Assimilation of satellite-retrieved data to improve forecasts of volcanic ash concentrations

More Info
expand_more

Abstract

Since the 2010 Eyjafjallajökull volcano eruption caused a big problem to aviation and economy, improvement on volcanic ash forecast has been put onto the research agenda. Satellite-based measurements are considered as the most common and cheapest type of volcanic ash observations. However, due to its intrinsic functionality, satelliteretrived two-dimensional data can not be easily and directly combined with a three-dimensional volcanic ash model to improve volcanic ash forecasts continuously. Here we propose a satellite observational operator to transfer 2D volcanic ash mass loadings to 3D concentrations. The uncertainties of reconstructed 3D ash concentrations are also quantified. Sequential data assimilation is used to continuously assimilate the reconstructed volcanic ash concentrations.

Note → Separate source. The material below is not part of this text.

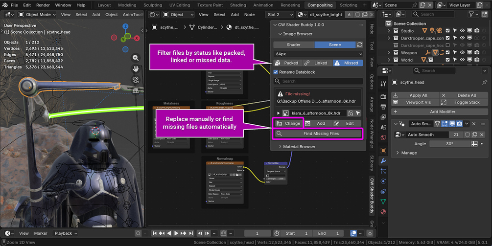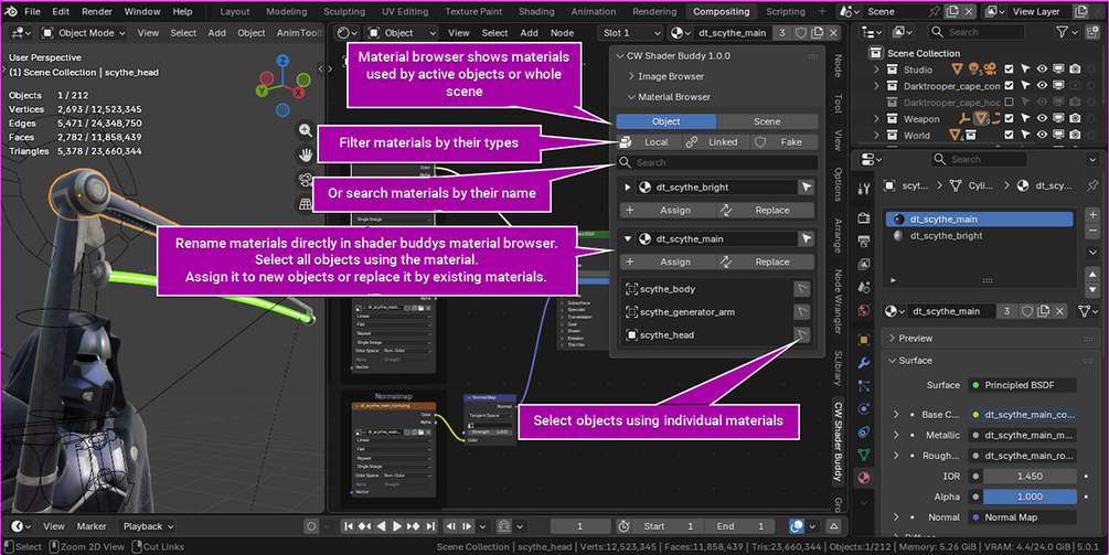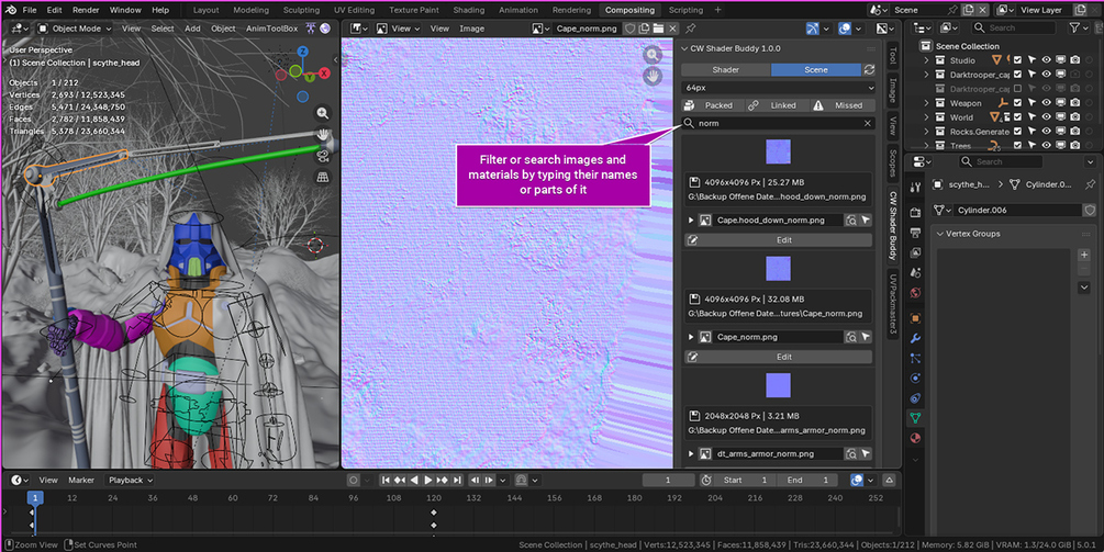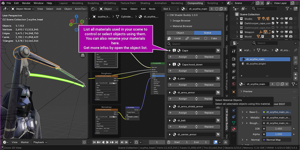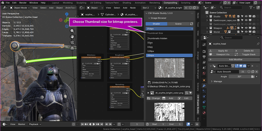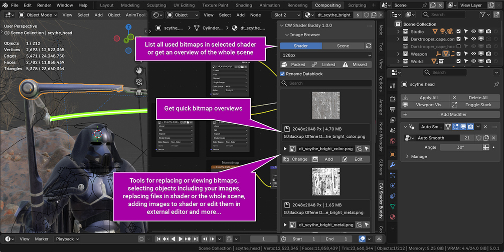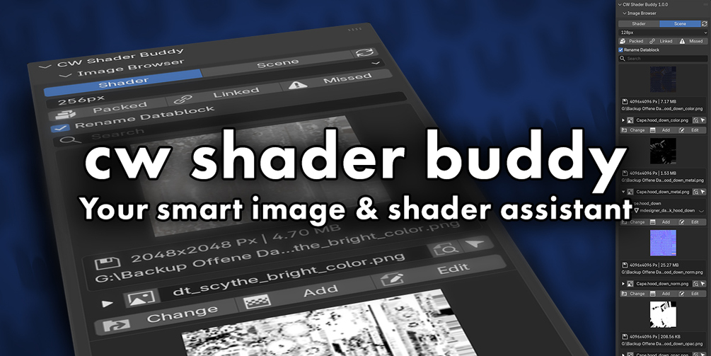 CW Shader Buddy is a Blender addon that provides tools for managing images and materials in your scenes. It adds a sidebar panel to the Shader Editor, Image Editor, and UV Editor.

The results are evaluated in a multiobservational network including satellite-based measurements and aircraft in-situ measurements. Here we show for long-time assimilating satellite-based measurements, Ensemble Squre Root Filter (EnSR), as a common sequential data assimilation technique, is more efficient than Ensemble Kalman Filter (EnKF) because the ensemble size required for EnSR is considerable less than the ensemble size of EnKF for a comparable assimilation performance. Moreover, the forecast after assimilation is validated to be accurate and valid within 15 hours.